Ciudad Juarez. Depuis 1993 des centaines de femmes ont été violées, torturées et tuées, en toute impunité. On peut se faire une idée de l’affaire en allant voir le web documentaire de Marc Fernandez et Jean-Christophe Rampal, ou en lisant leur bouquin. On peut aussi lire le roman très dur (et très fort) de Patrick Bard, La frontière.
Jean-Marc Troub’set Edmond Baudoin ont choisi une autre approche. Ils sont parti à Ciudad Juarez avec leurs carnets à dessins, leurs crayons et pinceaux, et ont proposé un marché aux gens qu’ils croisaient dans la rue, dans les bars, dans les bus, dans les maquiladoras : Ils faisaient leur portrait, le leur offrait et leur demandait en échange quel était leur rêve. Le soir, à partir d’esquisses et de photos, dessin et rédaction du carnet de voyage. Et c’est ce carnet que vous avez dans les mains.
Le résultat est étonnant. Très beau pour commencer avec ses planches qui alternent portraits serrés et vues d’ensemble, images de rues et paysages désolés, scènes de vie intenses dans un bar, une classe ou une fête et désolation de la mort quand ils relaient les gros titres des journaux …

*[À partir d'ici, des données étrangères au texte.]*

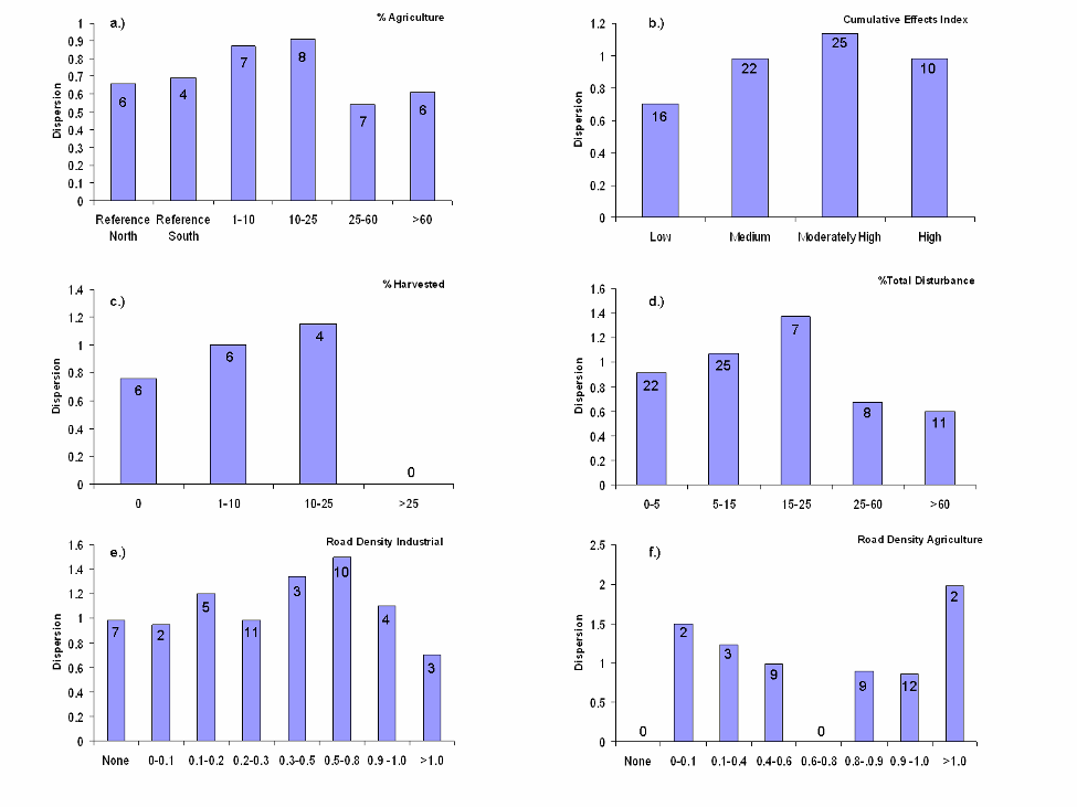 | Fig. 5. Multivariate dispersion for increasing levels of disturbance.a.) agriculture, b.) cumulative effects index c.) %harvested d.) % total disturbance e.) road density(km/km2) for industrial portion of study area and f.) road density(km/km2) for portion of study area most affected by agriculture. Dispersion was calculated among blocks of a given disturbance grouping. Patterns observed above also held when calculated among wetlands of a particular disturbance grouping, and when using raw data, presence absence data, or as pictured here, using log transformed data. |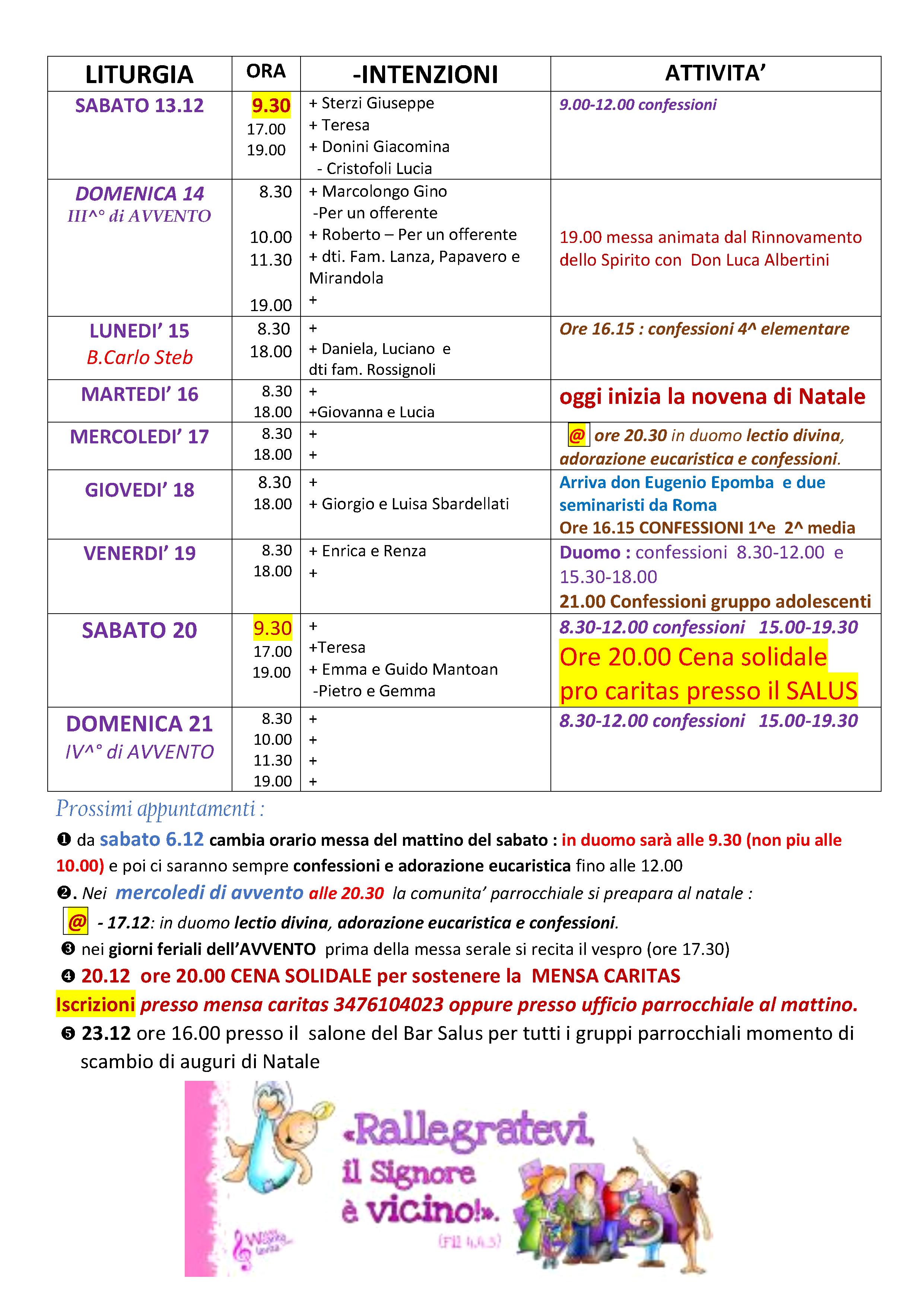 Orari Sante Messe

Très émouvant aussi dans cette permanente coexistence d’un environnement incroyablement violent où la mort frappe quotidiennement en toute impunité et d’une vitalité et d’une « normalité » étonnantes. Etonnant (ou pas) de voir comme les rêves des habitants de Ciudad Juarez sont les mêmes que les nôtres, comme on peut profiter de la moindre éclaircie pour voir des amis, aimer, faire de la musique, lutter, espérer …

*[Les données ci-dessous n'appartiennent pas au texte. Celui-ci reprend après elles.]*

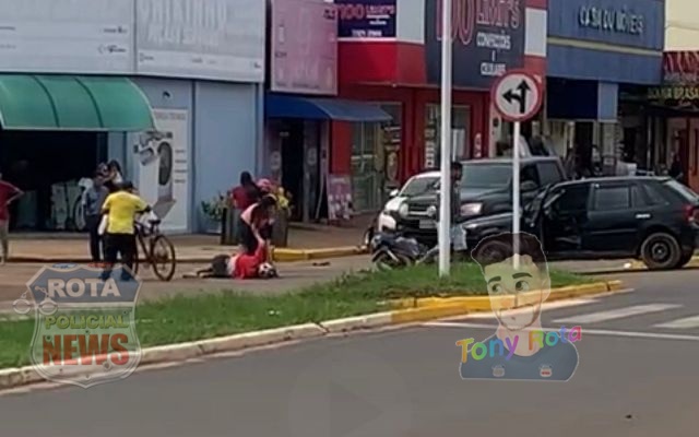 Na tarde desta quarta-feira, 26 de novembro de 2025, um acidente de trânsito deixou uma motociclista ferida no cruzamento da avenida Melvin Jones, no bairro Cristo Rei, em Vilhena.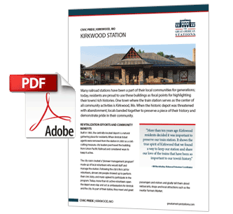 One town where the train station serves as the center of all community activities is Kirkwood, Mo. When the historic depot was threatened with abandonment, locals banded together to preserve a piece of their history and demonstrate pride in their community.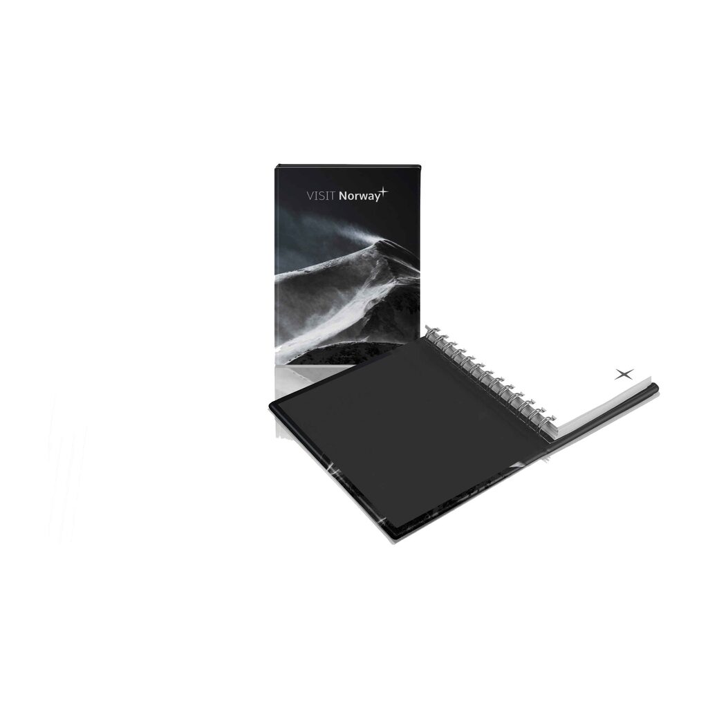 Twarda okładka, otwierająca się tradycyjnie na bok, chroni notes i nadaje mu estetyczny wygląd. Indywidualny druk można umieścić zarówno na okładce, jak i na kartkach notesu, co czyni ten produkt doskonałym narzędziem promocyjnym.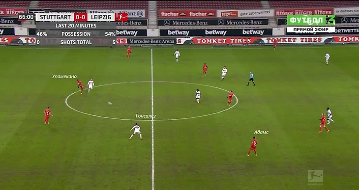 Лейпциг также мастерски выманивал Штутгарт в прессинг, когда те выстраивались для позиционной обороны. А выманив, проходили его в несколько передач и получали атаку на пространстве (как на скрине ниже). Например, тут Гонсалез выдернулся на Орбана, Адамс открылся, а Упамекано своевременно и качественно пасует на него (после этого будет забит единственный гол):
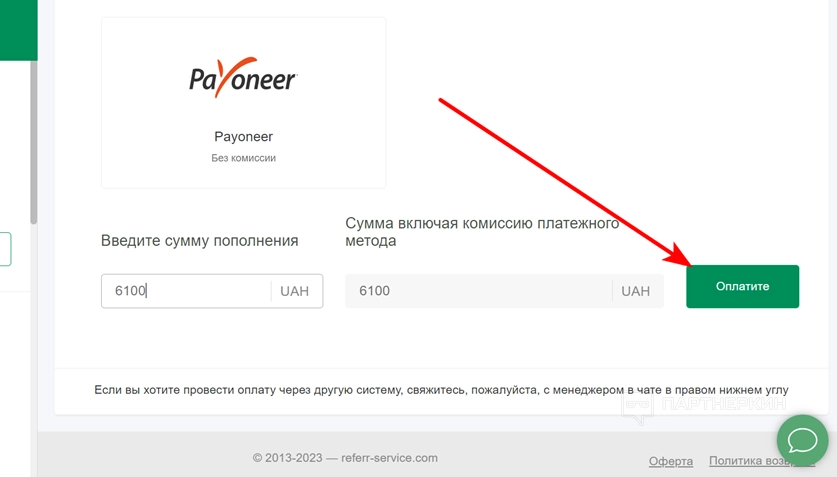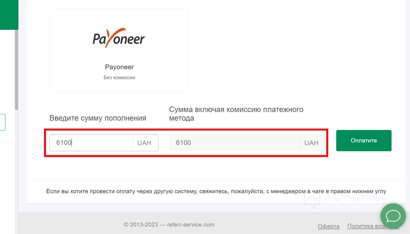 - Укажите необходимую сумму. Система сразу рассчитает комиссию.

Le parfait complément des romans et essais précités, salué à juste titre par Taibo le week-end dernier comme une œuvre éminemment politique, au sens noble du terme, dans sa façon unique de donner la parole à ceux qui souffrent sans jamais imposer au lecteur (et aux témoins interrogés) le moindre discours, ni moralisateur, ni compassionnel ; encore moins condescendant.
A noter la préface signée … Paco Ignacio Taibo II. Et vous pouvez aller sur le blog que les auteurs ont dédié à Viva la vida.
Edmond Baudoin et Jean-Marc Troub’s / Viva la vida, L’association (2011).